Sadly, that is no surprise given the disproportionate influence wealthy individuals and multinational corporations have over policy. We seem to have increasingly allowed the super-rich and corporations to covertly buy influence through donations and lobbying. This lets them promote the kind of politicians who will increase the wealth gap further still, remove consumer protections and “red tape” and allow creeping privatisation of public services. The same forces let the far right foment prejudice and anger through internet and tabloid propaganda, so the focus of blame is always downwards toward vulnerable groups and not upwards to those with wealth and power. To compound and consolidate this, in the UK we have chosen to immobilise our entire system of government, civil service and public and private sector management for three years whilst deciding how many feet to shoot ourselves in under the banner of Brexit. This has never been more obvious than in the last week, where we are now poised to undermine all the checks and balances, and scupper the next few years of economic growth to entrench this new post-truth hard right populist culture for future generations.

And whilst the Labour party try to elect a new leader with the credibility and passion to challenge this, the left is fragmenting rather than regrouping. I’ve seen so many posts about Corbyn and Corbynism, trying to make out that idealogical purism is still the way forward, that we lost the election but won the argument and should do more of the same. Another Angry Voice posted as if it was irrational fear of renationalising transport and utilities that was the problem, concluding “If you’re afraid of Jeremy Corbyn’s economic policies, I’m afraid you’re pretty much the dictionary definition of a narrow-minded little Englander aren’t you?” I couldn’t disagree more. Frankly, I doubt many progressives disliked Corbyn’s policies, especially individually. However, together his policies will have seemed very disruptive and expensive not just to conservatives but to a lot of the middle ground and left-of-centre voters that are so vital in gaining a majority in UK politics – meaning he didn’t have mass appeal. Yes, he was undoubtedly a good guy – warm, kind, genuine and thoughtful, and held in high regard by everyone who knows him personally. So was this also an example of a tendency to make snap judgements by first impressions, another consequence of unhelpful stereotypes of what a good leader is like, proof of a corrupt media or some combination of all of these things? I’m not sure.

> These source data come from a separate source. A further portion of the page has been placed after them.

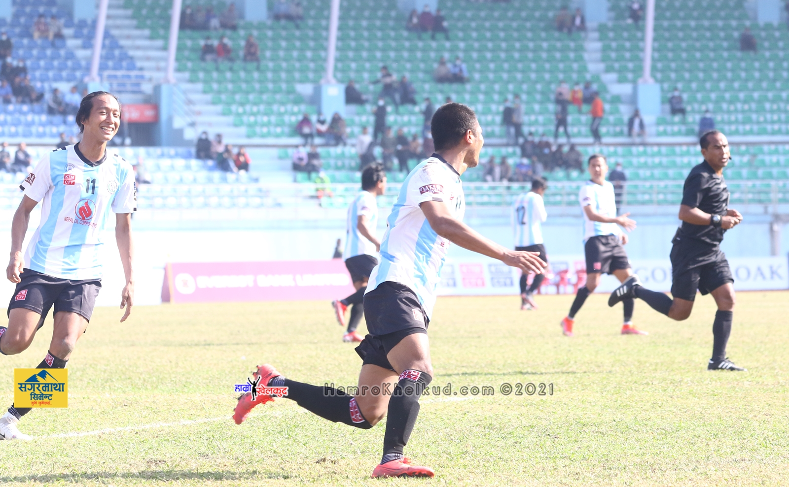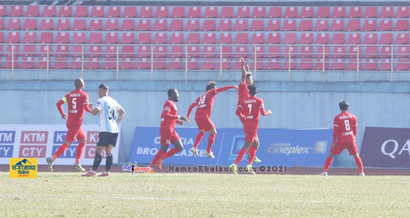 दशरथ रगंशालामा शनिबार भएको खेलको २४ औं मिनेटमा दीनेश राजवंशीको फ्रिकिक पोष्ट माथिबाट बाहिरिदाँ मनाङ अग्रता लिनबाट चुेकेको थियो । २६ औँ मिनेटमा दयानन्दको क्रसमा अफिज ओलावालेको प्रहार संकटाका डिफेन्डरले क्लियर गरिदिए ।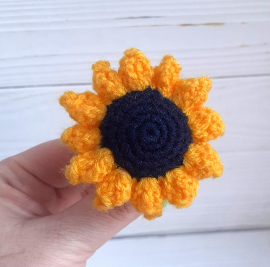 The crochet pattern PDF file contains 8 pages of detailed description of how to crochet sunflowers and basket.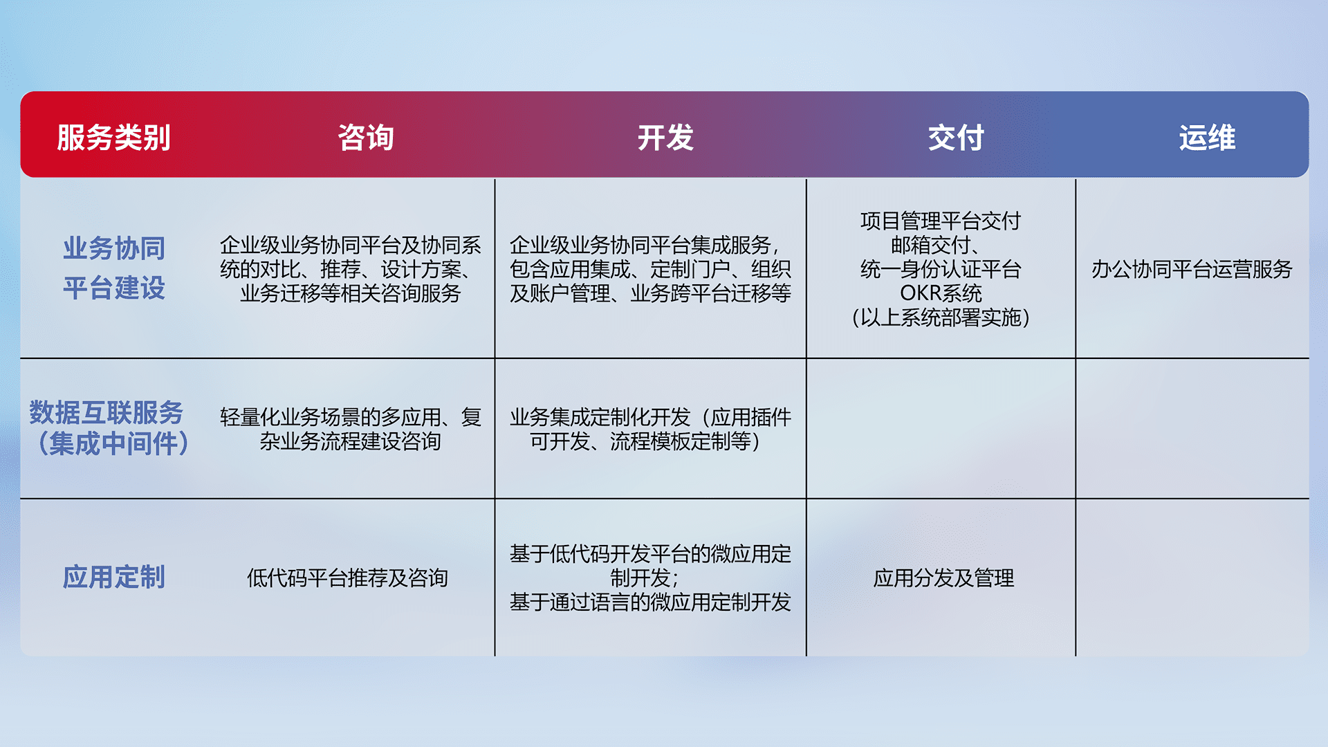 针对钉钉、、、、企微、、IDaas等平台级产品提供产品的规划、、方案、、交付、、、定制化开发等服务,,实现如统一协同办公、、智能客户服务、、混合会议管理、、、智能数据查询、、、、等业务场景,,实现数字化转型。。。。

Even to the diehard lefties (and I’d consider myself left of Blair, and someone who had great hopes for Corbyn in the beginning) Corbyn wasn’t the right fit for the job of heading up the opposition or being elected prime minister. Many of us worried about his leadership ability, his ability to be decisive and persuasive, to convey ideas in simple soundbites, and his failure to crack down on antisemitism within the party – giving the biased millionaire-owned media a stick to beat him with. But most of all, we worried about his choice not to articulate that Brexit was a tax evasion ploy by the super-rich that would harm the most vulnerable most, but also cause child poverty, cuts in public services, the break-up of the union, weaker negotiating positions that allow US pharmaceutical companies to charge more to the NHS and infringement of our right and liberties. Instead he believed/pretended that labour could offer a “good Brexit” of some kind, and lost half his supporters. He then failed to form any kind of progressive alliance, and instead allowed attacks on progressive peers in other parties, which was the nail in the coffin for the election.

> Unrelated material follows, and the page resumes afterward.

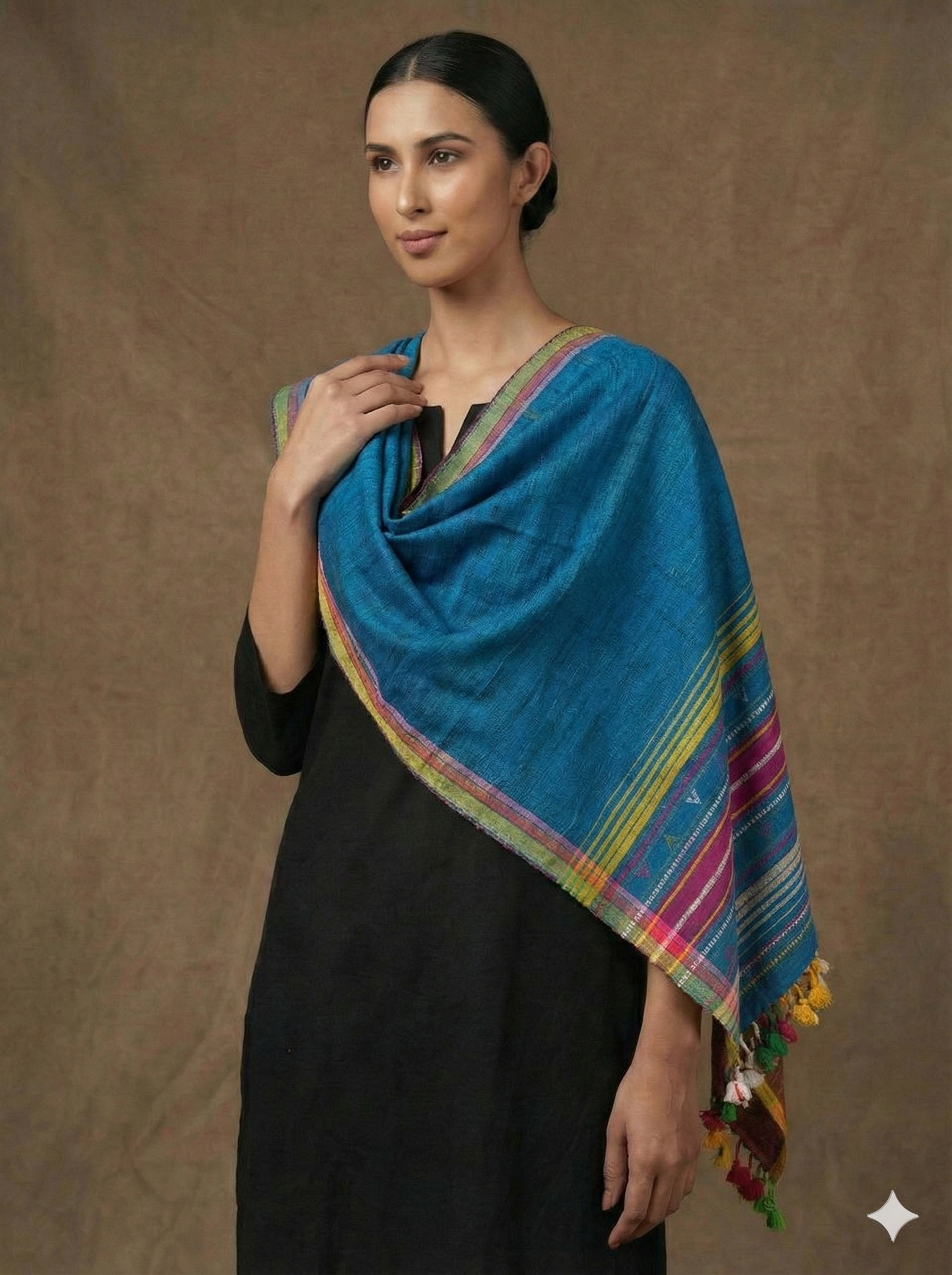Handwoven woollen pure tussar and wool kutch weaving stole

So where do we go from here? Is it just about getting a new leader who gives a better first impression? It seems to me that politics has polarised the historic broad and diverse parties on either side of the house into narrow camps at either extreme of the political spectrum, leaving a lot of us disenfranchised by the first past the post voting system and the recurrent gerrymandering of constituency boundaries. We can see it in the hard-right Brexiteers that now dominate the Conservative party, but we can also see it in the way that a dominant and vocal minority supporting Corbyn and accepting no deviation towards incorporating a broader range of voices or considering what policies might be popular or electable has taken over the Labour party. Perpetuating this narrow view of purist socialism in which everyone else is “narrow minded” or a “red tory” is a very significant part of the problem – to win elections you need mass appeal, not to attack and alienate anyone even one degree outside of your bubble. I think Tim Minchin is right that its a massive problem with social media culture that the Overton window for each tribe is now tiny and any deviation leads to people being shamed and out-grouped (“I am afraid to write anything that might upset my own tribe”).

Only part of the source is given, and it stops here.